I am a different type of vessel. I may say things that are common, but not often revealed for all to see. I love to share how God will teach me and even correct me. I know that people are experiencing some of the same things I am going through but may not feel as free to express it. So, putting it out in the open can deliver people from the bondage they hold in secret.
That’s what I want to do for someone today. Put out in the open how sometimes you just feel like giving up. We may want to give up on different things, but giving up is something that challenges us all somewhere in our lives.
People sometimes make God seem mythical. As if the needs of man are so far beyond his care and reach. We forget just how real God is and that we are made in His image. We reflect Him, even in the simplest things like our feelings. God knows the design and makeup of every man. In that knowing, He knows what to do to put us back on track when we fall off.
I am reminded of a time when the Lord gave me a reality check. Not just any reality check, but that slap in the face reality check. The one that makes you dry your tears and say, “Wow, God!” Considering the challenges I have been faced with recently, I thought this story needed revisiting.
I had been going through some issues, and the opposition was substantial. I had opposition coming from multiple directions and at the same time. I was at a point where walking away seemed like the best option. The promises God had spoken to me looked like they were failing, and I was about to give up.
Well, I happened to be scrolling through Facebook and saw something someone shared. It was a meme of a well-known rapper. The meme notated what people knew about him; his accomplishments, his net worth, those types of things. Then it had what people didn’t know. The unknown was that he had put mixtapes out for six years underground before he even had a contract. As I was about to continue scrolling, out of nowhere, I hear the Lord say, “Does he have more faith than you?” Bam! Slap in the face. I thought, did the Lord just say this? I mean, I am a child and servant of the Almighty God and this man who was not a believer had more faith and endurance than me. Wow. That surely made my eyes stretch!

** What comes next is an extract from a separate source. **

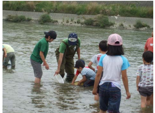
大和川で活動する子どもたち (2011年6月・・・浅香・水辺の楽校エリアで)

窒素酸化物(NO x )は紫外線により光化学反応を起し、気管支炎などの健康被害や、農作物などに影響を与えます。

I couldn’t argue, the Lord was telling the truth. I wasn’t going to be in denial. I was giving up so effortlessly on a word spoken by my God that cannot lie. I had lost sight of that. I was focusing more on how hard it was rather than my God who spoke it. God knew I was better than that and expected more from me.
You Don’t Have To Be Saved To Have Faith
Salvation is not a prerequisite for faith. The scripture says that God gives unto every man a measure of faith (Romans 12:3). Remember to the tower of Babel; these people were not people of God. However, God had to knock them down because these people believed (faith) that they could reach Him. God even referenced their faith. Sinners can have faith. Faith is only the ability to see what’s not there.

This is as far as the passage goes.